The actions of autocrine ligands may be largely overlapping or redundant [9]. These factors include paf (1-o-alkyl-2-acetyl-sn-gylcero-3-phosphocholine) [10], insulin-like growth factor 1, insulin-like growth factor 2 [11], and transforming growth factor (TGF)
[12]. It is also likely that a range of paracrine and endocrine factors exerts similar actions on the embryo; examples include insulin [13] and colony stimulating factor 2 (granulocyte-macrophage) [14]. Redundancy among these factors is consistent with observations of somatic cells, in which survival signaling is conferred by several paracrine trophic factors. Where such redundant action has an autocrine basis, it provides a particular challenge to investigators, in that it is not readily amenable to classic ablation techniques. To understand better the nature of autocrine trophic actions in the early embryo, we have investigated the nature of autocrine signal transduction.
Survival factors in many cell types act via receptors that activate 1-o-phosphatidylinositol-3-kinase (PI3kinase) [15]. PI3kinases, which are proto-oncogenes, induce the phosphorylation of membrane inositol phospholipids, resulting in the formation of phosphatidylinositol (3,4,5)-trisphosphate (PIP3) [16, 17]. PIP3 acts as a docking site for a range of proteins that contain the pleckstrin homology (PH) domain [16]. The generation of PIP3 results in translocation of PH domain-containing proteins to the membrane [16]. This translocation commonly results in their functional activation. An important protein that acts in this manner is thymoma viral proto-oncogene (AKT), which is phosphorylated (and activated) upon membrane translocation [18–20]. Activated AKT exerts many important functions related to cell survival, proliferation, and differentiation [18].
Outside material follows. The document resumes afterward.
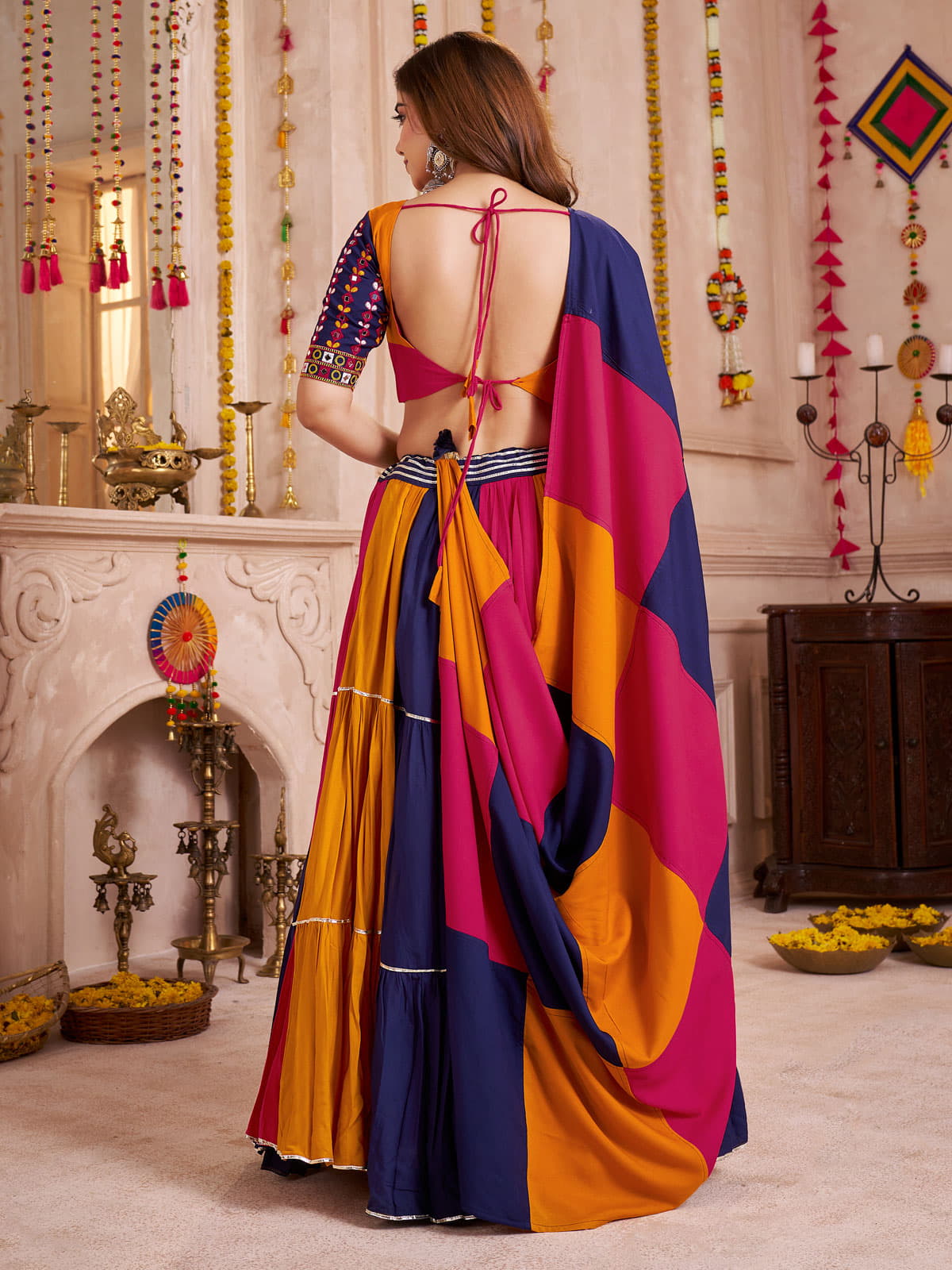 Celebrate Navratri in elegant style with this Multi Color Cotton Chaniya Choli, crafted from premium viscose cotton to ensure breathable comfort throughout festive celebrations. The lehenga features a unique frill and flair stitching pattern, creating a dramatic 10-meter wide flare that enhances every movement during Garba nights. This traditional yet stylish ethnic wear combines vibrant colors with intricate design, making it an ideal choice to elevate your festive wardrobe with both grace and comfort.

A role for PI3kinase in the normal development of the preimplantation embryo was discovered following the observation that two pharmacologically distinct inhibitors of PI3kinase, wortmannin and LY 294002, could cause failure of normal preimplantation development of mouse zygotes in vitro [9]. Furthermore, it has been shown that several different forms of PI3kinase are expressed in the early embryo [9]. The presence of multiple isoforms of the enzyme excludes convenient genetic ablation analysis of the role of this enzyme activity.
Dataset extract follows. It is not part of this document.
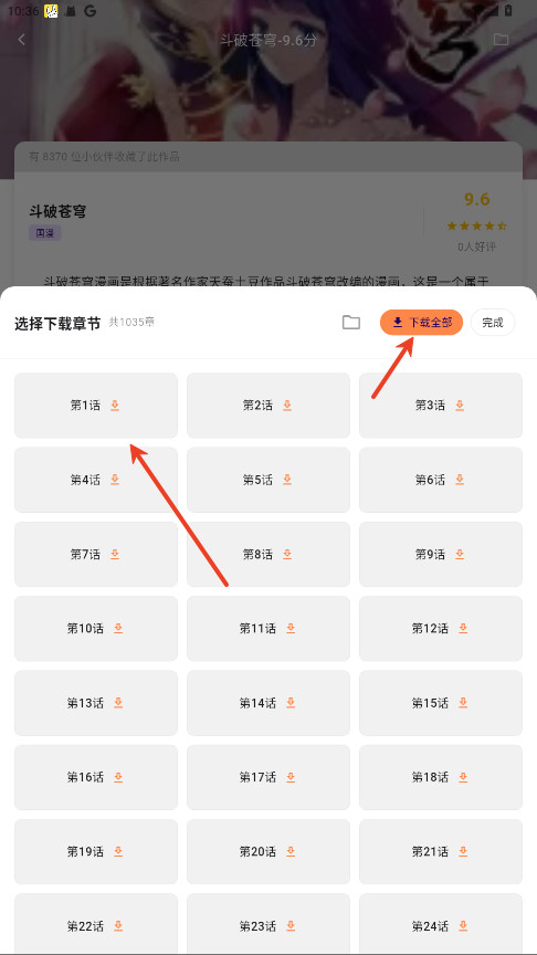 2.点击要下载的章节,就会开始下载,如果想下载全部章节,就点击左上角的下载全部,然后等待下载完成即可

Arguably, the first of the trophic ligands to act on the embryo is paf [7]. Paf can be extracted from culture media conditioned by the embryos of various mammalian species [21–23], while the addition of paf to culture media enhances embryo metabolism [10], growth rates [24–26], and viability [27, 28]. The embryo expresses a paf receptor (Ptafr) [29, 30], and in other cell types, this receptor is known to activate PI3kinase [31]. The action of embryo-derived paf during the zygote and 2-cell stages is required for normal development of the mouse embryo in vitro [7, 8, 32]. Paf induces periodic transient increases in the intracellular calcium concentration ([Ca2+]i) in the mouse zygote and 2-cell embryo [33], and these fluxes are necessary for normal embryo development in vitro [9, 34]. These transients are mediated by Ptafr, are pertussis toxin-sensitive [9, 33], and are blocked by PI3kinase blockers [9]. The Paf-induced [Ca2+]i transient requires the action of phospholipase C (PLC)-induced release of internal calcium stores [33], as well as an influx of external calcium through a dihydropyridine-sensitive calcium channel [33, 34]. PLC (isoforms G [35] and D1 [36]) possess PH domains and are activated in response to PI3kinase, and dihydropyridine-sensitive calcium channels may be regulated in part by PI3kinase [37].
Wortmannin and LY 294002 are recognized as selective inhibitors of PI3kinase over a narrow dose range, yet they can also block the intrinsic serine kinase activity of PI3kinase [38]. Thus, the reliance on these pharmacological inhibitors to demonstrate a role for PI3kinase does not exclude the possibility that this enzyme is primarily acting as a protein serine kinase. Thus, current evidence does not provide unequivocal proof that putative survival factors, such as paf, act through the generation of PIP3. Consequently, it cannot currently be inferred that activation of PH domain-containing proteins, including the plethora of such proteins that govern cell survival, results from the actions of these trophic ligands.
The aims of the current study were to 1) investigate whether paf-induced signal transduction requires the generation of PIP3 in the 2-cell embryo by examining the effects of a blocking antibody to PIP3; 2) determine whether the direct infusion of PIP3 upon calcium signaling in the early embryo induces signaling events; and 3) assess whether a PH domain-containing protein (AKT) translocates to the membrane in response to paf. Our results provide direct evidence that the generation of PIP3 is a component of the signal transduction induced by paf in the 2-cell mouse embryo, and thus support the conclusion that paf acts as an autocrine survival factor for the 2-cell embryo.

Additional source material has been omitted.